**Stored data:**
----

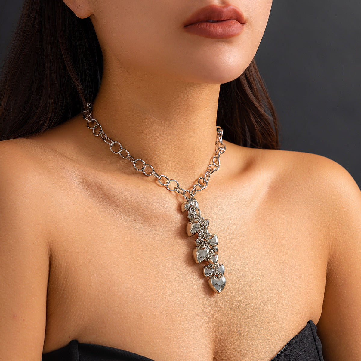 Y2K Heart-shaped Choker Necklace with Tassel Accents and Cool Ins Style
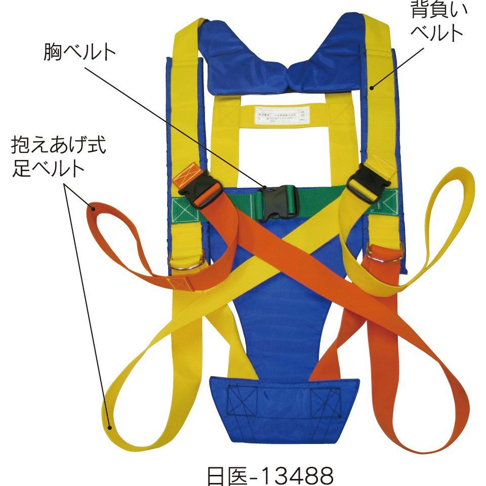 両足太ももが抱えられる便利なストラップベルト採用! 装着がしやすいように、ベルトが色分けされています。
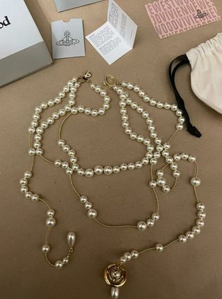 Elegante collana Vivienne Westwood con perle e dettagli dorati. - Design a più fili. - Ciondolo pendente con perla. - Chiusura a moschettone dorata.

----

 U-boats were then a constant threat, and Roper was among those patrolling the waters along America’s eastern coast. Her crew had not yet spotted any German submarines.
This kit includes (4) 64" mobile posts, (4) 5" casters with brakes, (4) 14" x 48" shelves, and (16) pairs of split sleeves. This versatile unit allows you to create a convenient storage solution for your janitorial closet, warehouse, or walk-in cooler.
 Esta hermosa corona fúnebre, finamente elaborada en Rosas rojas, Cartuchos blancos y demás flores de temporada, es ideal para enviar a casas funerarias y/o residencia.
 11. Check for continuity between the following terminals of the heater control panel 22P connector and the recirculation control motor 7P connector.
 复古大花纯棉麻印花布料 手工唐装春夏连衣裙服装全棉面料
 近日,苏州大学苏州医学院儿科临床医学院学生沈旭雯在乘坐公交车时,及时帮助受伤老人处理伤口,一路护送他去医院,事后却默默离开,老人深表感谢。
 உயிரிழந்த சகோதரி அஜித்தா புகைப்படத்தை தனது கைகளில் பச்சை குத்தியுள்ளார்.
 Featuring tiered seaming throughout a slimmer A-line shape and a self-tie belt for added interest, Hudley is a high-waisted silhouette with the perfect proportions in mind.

----

**Task details:**
From the listing above, return the lines starting at the one with "உயிரிழந்த சகோதரி அஜித்தா" and ending at the one with "Featuring tiered seaming", both kept, exactly as they appear and nothing more.

**Result of the exercise:**
 உயிரிழந்த சகோதரி அஜித்தா புகைப்படத்தை தனது கைகளில் பச்சை குத்தியுள்ளார்.
 Featuring tiered seaming throughout a slimmer A-line shape and a self-tie belt for added interest, Hudley is a high-waisted silhouette with the perfect proportions in mind.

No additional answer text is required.